Task to carry out: Output a character-exact copy of the data, images removed.

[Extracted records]
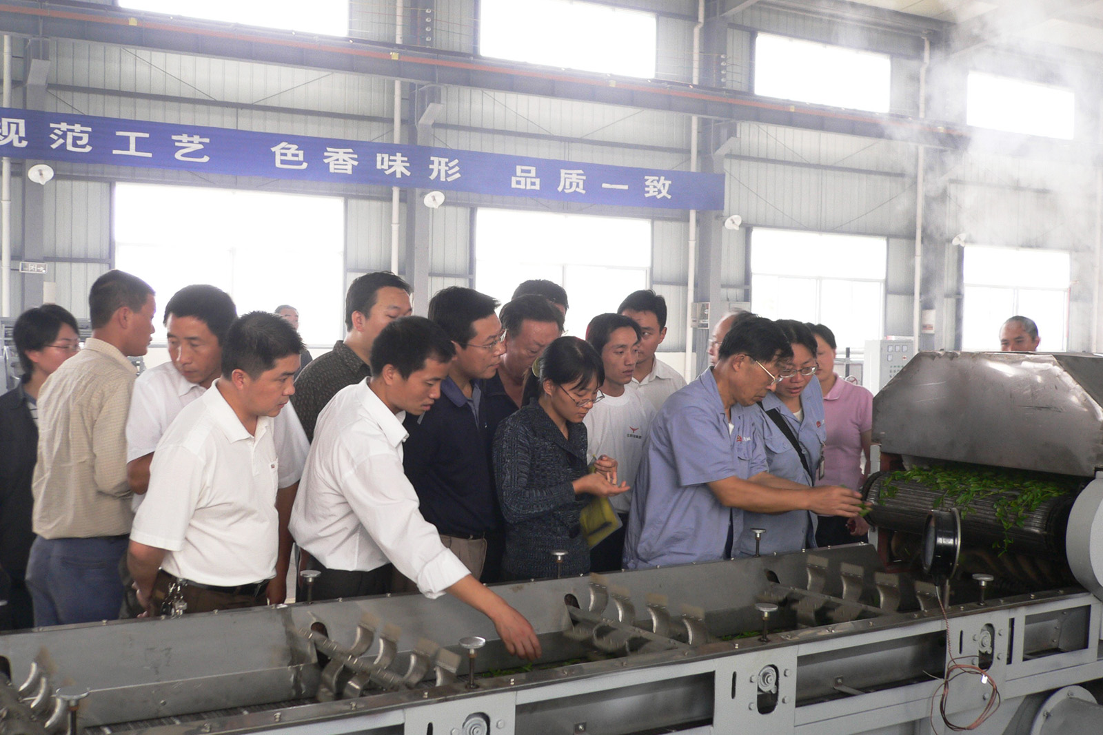 • 2004年,以“綠色、健康、創(chuàng)新、發(fā)展”為主題的全國茶熱點(diǎn)論壇暨茶加工清潔化流水線展示會在衢州勝利召開。公司首次展示了茶葉加工清潔化流水線成套設(shè)備,并贏得了與會領(lǐng)導(dǎo)、專家、客商代表共300余人的一致肯定。
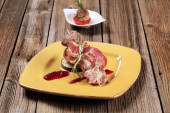 pieczone mięso na drewniany szpikulec
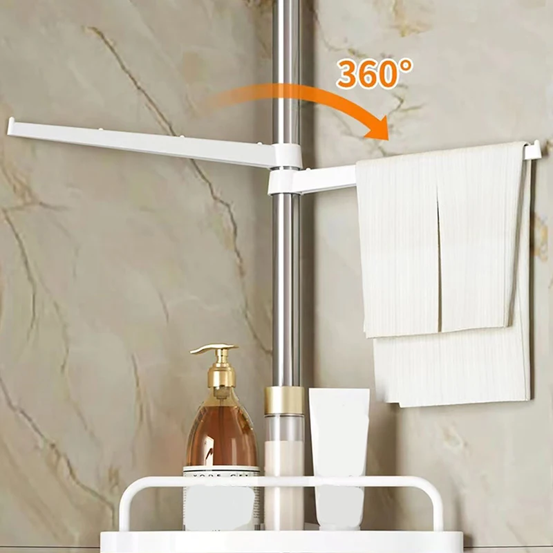 Les 5 étagères avec système de drainage automatique gardent vos produits au sec. Profitez également de 4 crochets multifonctions et d’un porte-serviettes intégré. Son système de rotation à 360° permet un accès rapide à tous vos produits.
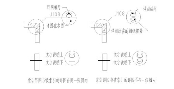 1、是否规范表示了详图索引、详图编号,要在相应的平面、或立面、或剖面中表示索引符号,符号大小要符合制图规范的要求。
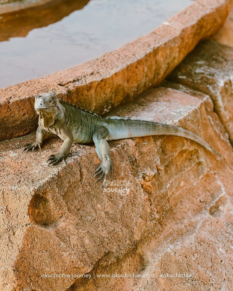 Ini Iguana sejujurnya gak gerak-gerak deh dia, sebal padahal selain bikin foto ini juga bikin video. Tapi dia tuh gak gerak sama sekali, jadi cuma melihat kita doang sih. Mager mungkin dia karena cuacanya juga panas banget.
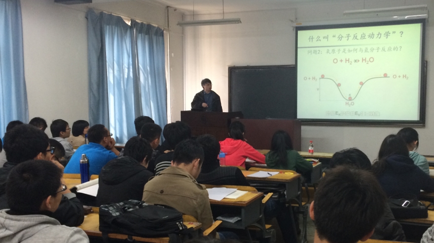 戴东旭研究员从分子反应动力学角度为王大珩班的员工进行授课,对原子、分子的层次上,不同状态下和不同分子体系中单分子的基元反应的动态结构、反应过程和反应机理等进行分析。
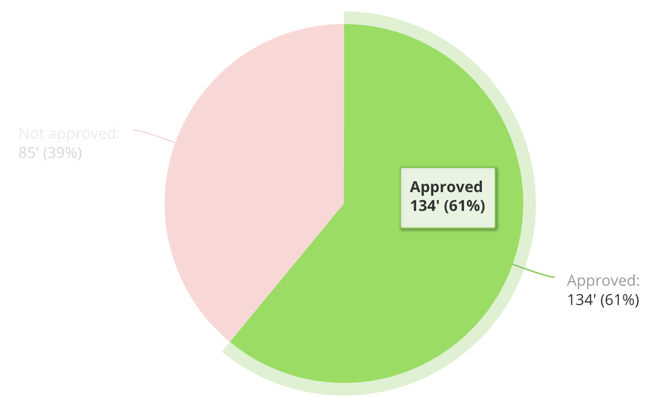 A tooltip is shown after hovering the Approved or Not Approved sections from the widget:
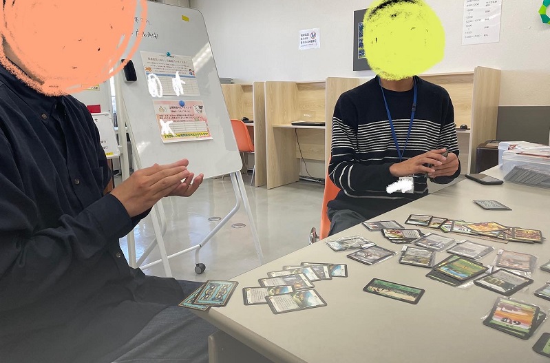 ワークネット北九州では月に1~2回程度、息抜きや利用者の皆様のコミュニケーションの場として、祝日や土曜日に各種レクリエーションを行っています。その中の一つがボードゲーム会です。ワークネット北九州ではみんなで遊べるボードゲームを多く用意しております。
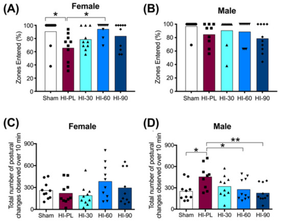 The percentage of zones entered during exploration of the open-field is shown in Figure 4A,B for the females and males, respectively. The majority of pups in the sham group entered all zones (8/10 females; 9/10 males), with an average of 94% of zones entered in the male and female sham groups (Figure 4A,B). The HI-PL group of females explored significantly fewer zones than the sham group (Figure 4A, 0.7-fold, p < 0.05). There were no significant differences in the percentage of zones entered between the sham group of females and the HI 30, HI 60, or HI 90 mg/kg hIAIP-treated groups (Figure 4A). The female HI 60 mg/kg hIAIP-treated group entered significantly more zones than the HI-PL group (Figure 4A). Therefore, treatment with hIAIPs (30, 60, 90 mg/kg) after exposure of the female neonatal rats to HI attenuated zone exploration to levels that did not differ significantly from the sham group. The percentage of zones entered was not significantly different between male sham and HI-PL groups (Figure 4B); therefore, this task could not distinguish differences between the HI-PL- and HI-hIAIP-treated groups of male neonatal rats.
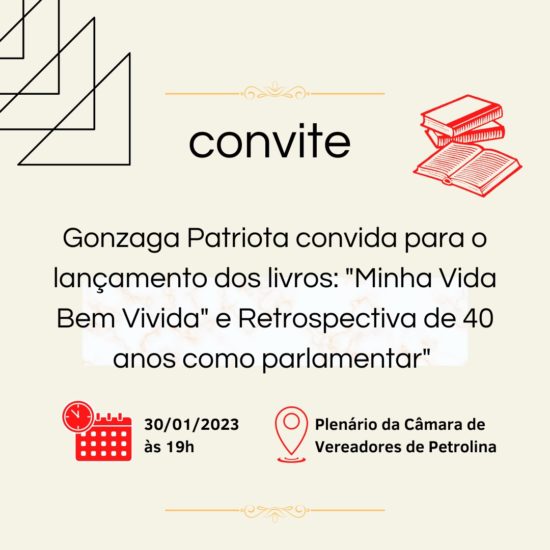 Dentre tantas coisas boas que eu já fiz na vida, como uma dúzia de filhos, 14 netos, bisnetos, 47 livros escritos, sendo 45 publicados. Esse livro que lanço hoje em Petrolina, ‘Minha Vida Bem Vivida’ é um livro que mostra que pra gente viver bem, não precisa ser de família rica. Gonzaga Patriota nasceu nas caatingas, de família humilde com 21 irmãos, mas durante minha vida, que foi bem vivida, pois Deus me ajudou, a sociedade também, e principalmente nesses 40 anos como parlamentar, fiz tudo que podia fazer pra ajudar o povo.” – disse Gonzaga Patriota.
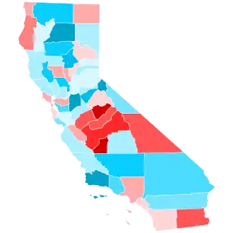 Despite the polls, Douglas was confident that the Democratic registration edge would lead her to victory, so much so that she offered a Roosevelt staffer a job in her senatorial office.[104] On election day, November 7, 1950, Nixon defeated Douglas by 59 percent to 41.[105] Of California's 58 counties, Douglas won only five, all in Northern California and with relatively small populations;[j][106] Nixon won every urban area.[107] Although Warren defeated Roosevelt by an even larger margin, Nixon won by the greatest number of votes of any 1950 Senate candidate. Douglas, in her concession speech, declined to congratulate Nixon.[105] Marcantonio was also defeated in his New York district.[108]
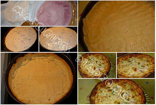 Ανοίγουμε την ζύμη σε ένα φύλλο και την βάζουμε σε βουτυρωμένη 26αρα φόρμα με στεφάνι
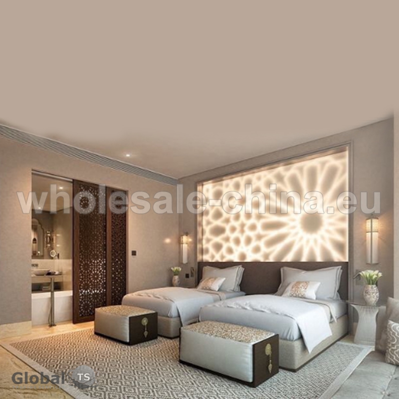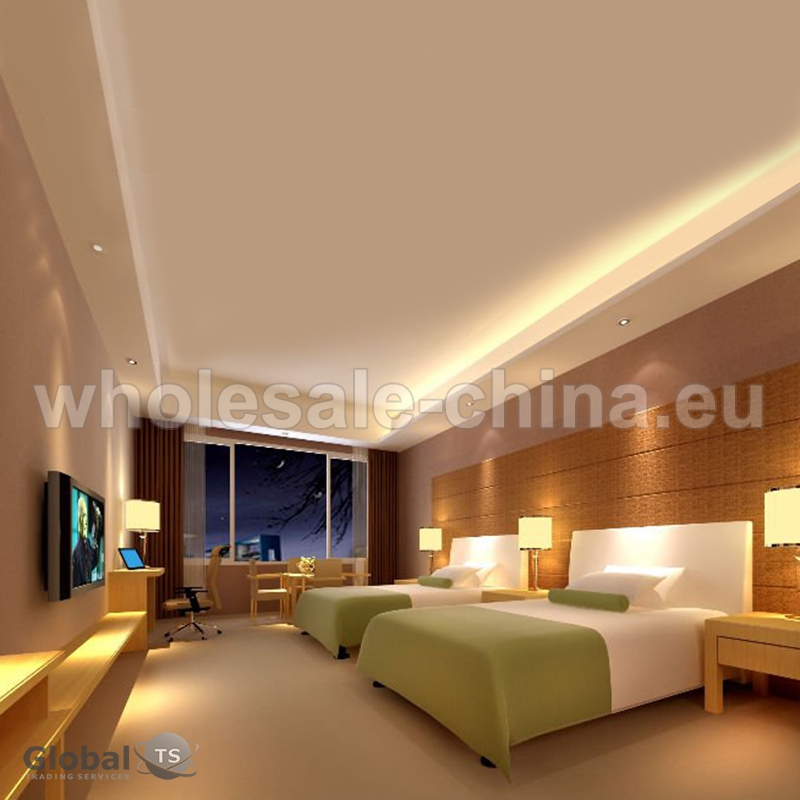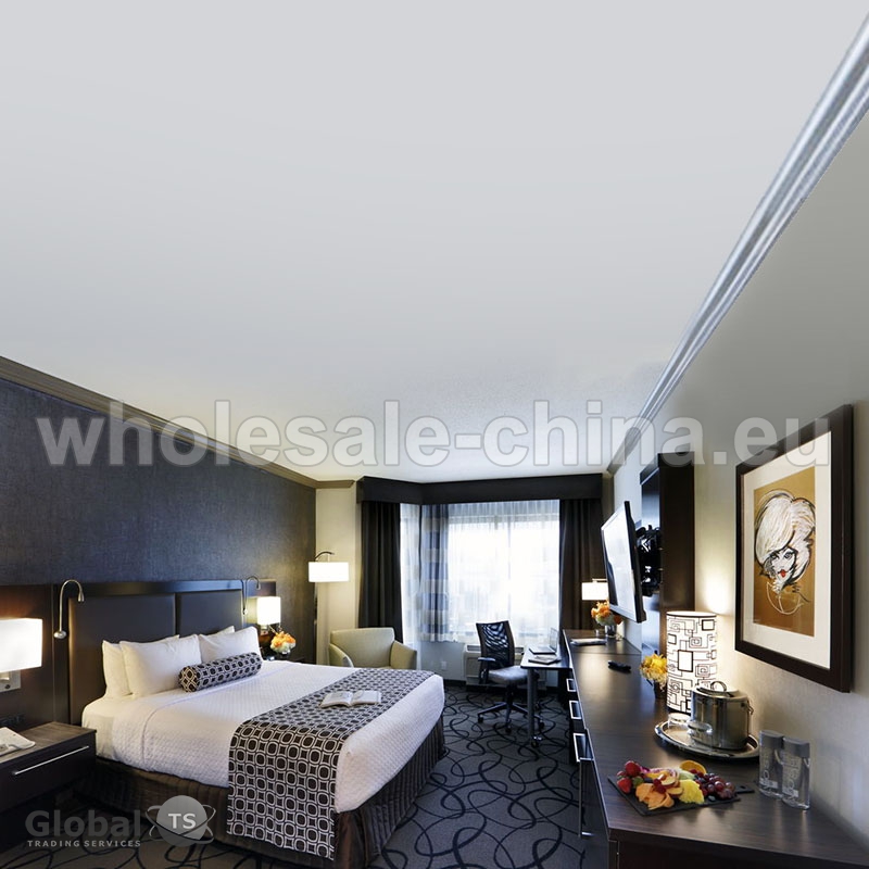 Stylish set for hotel bedroom. This full size bed is in elegant and and made in contemporary style. Enhance your room’s look with the clean lines and upholstered design that is perfectly suit for any bedroom environment. We offer you full customization.
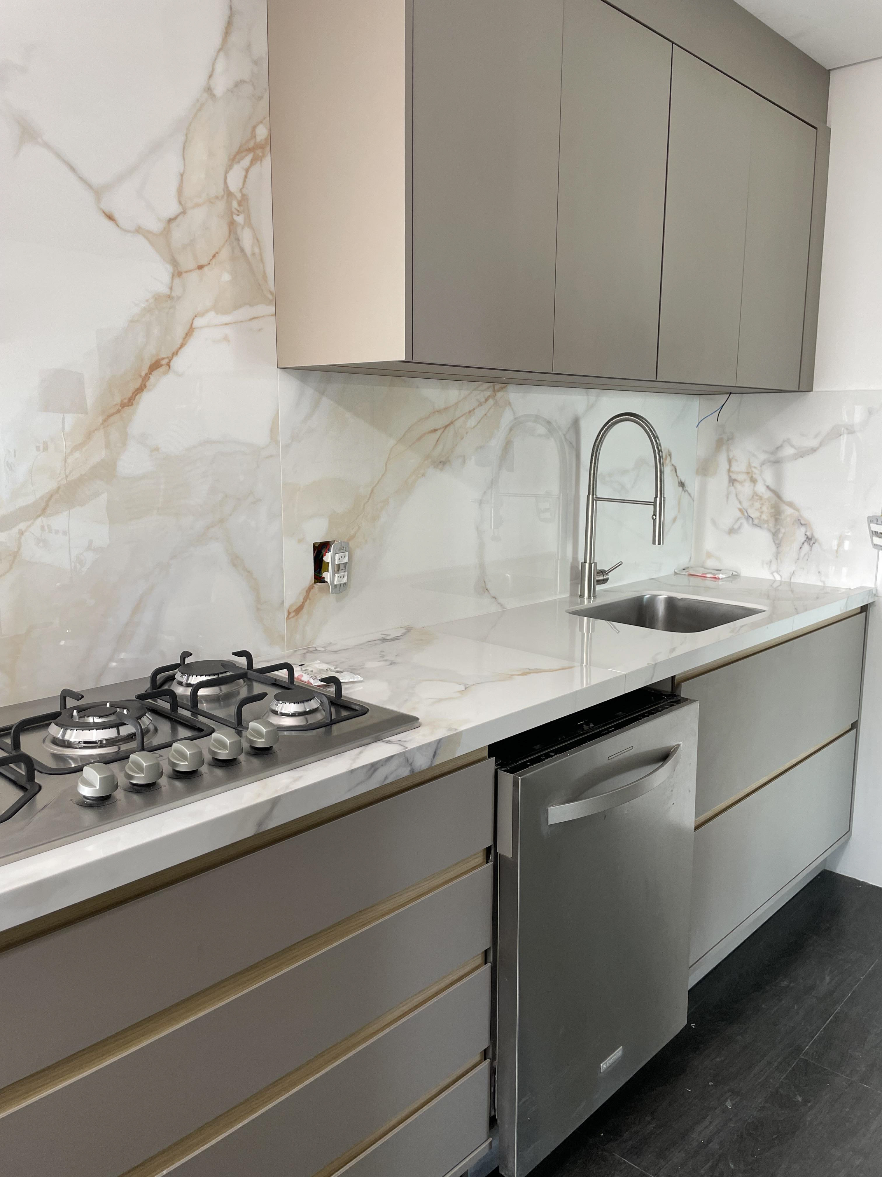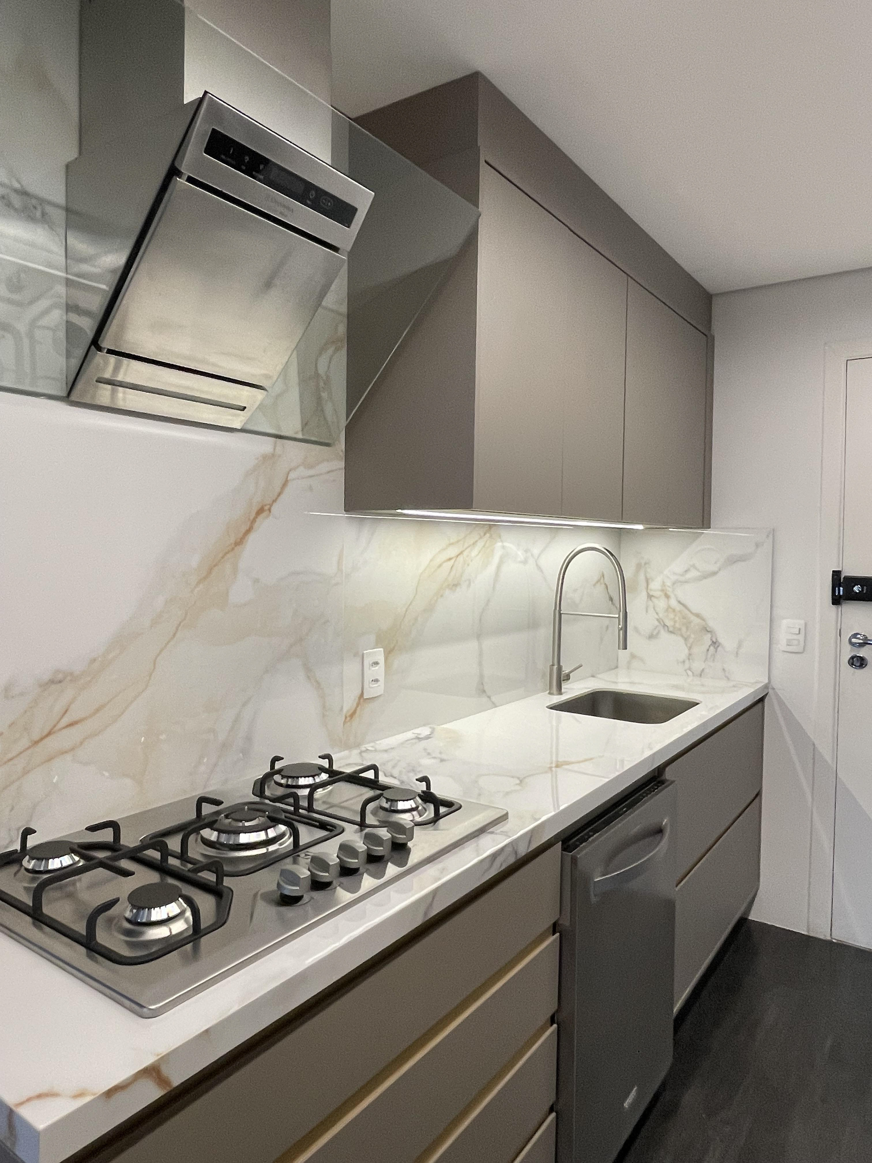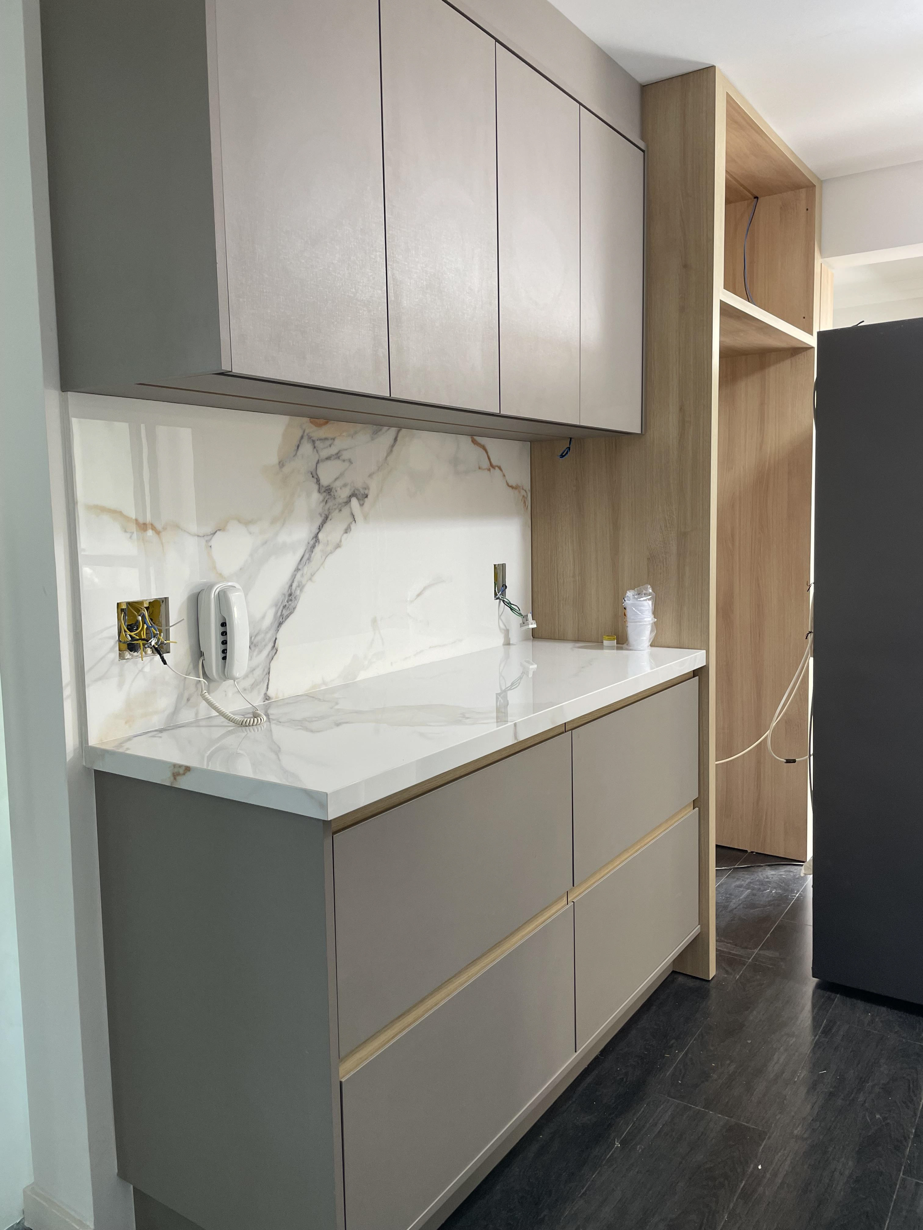 A marcenaria da cozinha está entregue e ficaram pendentes serviços dos demais ambientes, que dependem da marcenaria instalada.

Reply to the task:
 • 2004年,以“綠色、健康、創(chuàng)新、發(fā)展”為主題的全國茶熱點(diǎn)論壇暨茶加工清潔化流水線展示會在衢州勝利召開。公司首次展示了茶葉加工清潔化流水線成套設(shè)備,并贏得了與會領(lǐng)導(dǎo)、專家、客商代表共300余人的一致肯定。
 pieczone mięso na drewniany szpikulec
 Les 5 étagères avec système de drainage automatique gardent vos produits au sec. Profitez également de 4 crochets multifonctions et d’un porte-serviettes intégré. Son système de rotation à 360° permet un accès rapide à tous vos produits.
 1、是否规范表示了详图索引、详图编号,要在相应的平面、或立面、或剖面中表示索引符号,符号大小要符合制图规范的要求。
 Ini Iguana sejujurnya gak gerak-gerak deh dia, sebal padahal selain bikin foto ini juga bikin video. Tapi dia tuh gak gerak sama sekali, jadi cuma melihat kita doang sih. Mager mungkin dia karena cuacanya juga panas banget.
 戴东旭研究员从分子反应动力学角度为王大珩班的员工进行授课,对原子、分子的层次上,不同状态下和不同分子体系中单分子的基元反应的动态结构、反应过程和反应机理等进行分析。
 A tooltip is shown after hovering the Approved or Not Approved sections from the widget:
 ワークネット北九州では月に1~2回程度、息抜きや利用者の皆様のコミュニケーションの場として、祝日や土曜日に各種レクリエーションを行っています。その中の一つがボードゲーム会です。ワークネット北九州ではみんなで遊べるボードゲームを多く用意しております。
 The percentage of zones entered during exploration of the open-field is shown in Figure 4A,B for the females and males, respectively. The majority of pups in the sham group entered all zones (8/10 females; 9/10 males), with an average of 94% of zones entered in the male and female sham groups (Figure 4A,B). The HI-PL group of females explored significantly fewer zones than the sham group (Figure 4A, 0.7-fold, p < 0.05). There were no significant differences in the percentage of zones entered between the sham group of females and the HI 30, HI 60, or HI 90 mg/kg hIAIP-treated groups (Figure 4A). The female HI 60 mg/kg hIAIP-treated group entered significantly more zones than the HI-PL group (Figure 4A). Therefore, treatment with hIAIPs (30, 60, 90 mg/kg) after exposure of the female neonatal rats to HI attenuated zone exploration to levels that did not differ significantly from the sham group. The percentage of zones entered was not significantly different between male sham and HI-PL groups (Figure 4B); therefore, this task could not distinguish differences between the HI-PL- and HI-hIAIP-treated groups of male neonatal rats.
 Dentre tantas coisas boas que eu já fiz na vida, como uma dúzia de filhos, 14 netos, bisnetos, 47 livros escritos, sendo 45 publicados. Esse livro que lanço hoje em Petrolina, ‘Minha Vida Bem Vivida’ é um livro que mostra que pra gente viver bem, não precisa ser de família rica. Gonzaga Patriota nasceu nas caatingas, de família humilde com 21 irmãos, mas durante minha vida, que foi bem vivida, pois Deus me ajudou, a sociedade também, e principalmente nesses 40 anos como parlamentar, fiz tudo que podia fazer pra ajudar o povo.” – disse Gonzaga Patriota.
 Despite the polls, Douglas was confident that the Democratic registration edge would lead her to victory, so much so that she offered a Roosevelt staffer a job in her senatorial office.[104] On election day, November 7, 1950, Nixon defeated Douglas by 59 percent to 41.[105] Of California's 58 counties, Douglas won only five, all in Northern California and with relatively small populations;[j][106] Nixon won every urban area.[107] Although Warren defeated Roosevelt by an even larger margin, Nixon won by the greatest number of votes of any 1950 Senate candidate. Douglas, in her concession speech, declined to congratulate Nixon.[105] Marcantonio was also defeated in his New York district.[108]
 Ανοίγουμε την ζύμη σε ένα φύλλο και την βάζουμε σε βουτυρωμένη 26αρα φόρμα με στεφάνι
 Stylish set for hotel bedroom. This full size bed is in elegant and and made in contemporary style. Enhance your room’s look with the clean lines and upholstered design that is perfectly suit for any bedroom environment. We offer you full customization.
 A marcenaria da cozinha está entregue e ficaram pendentes serviços dos demais ambientes, que dependem da marcenaria instalada.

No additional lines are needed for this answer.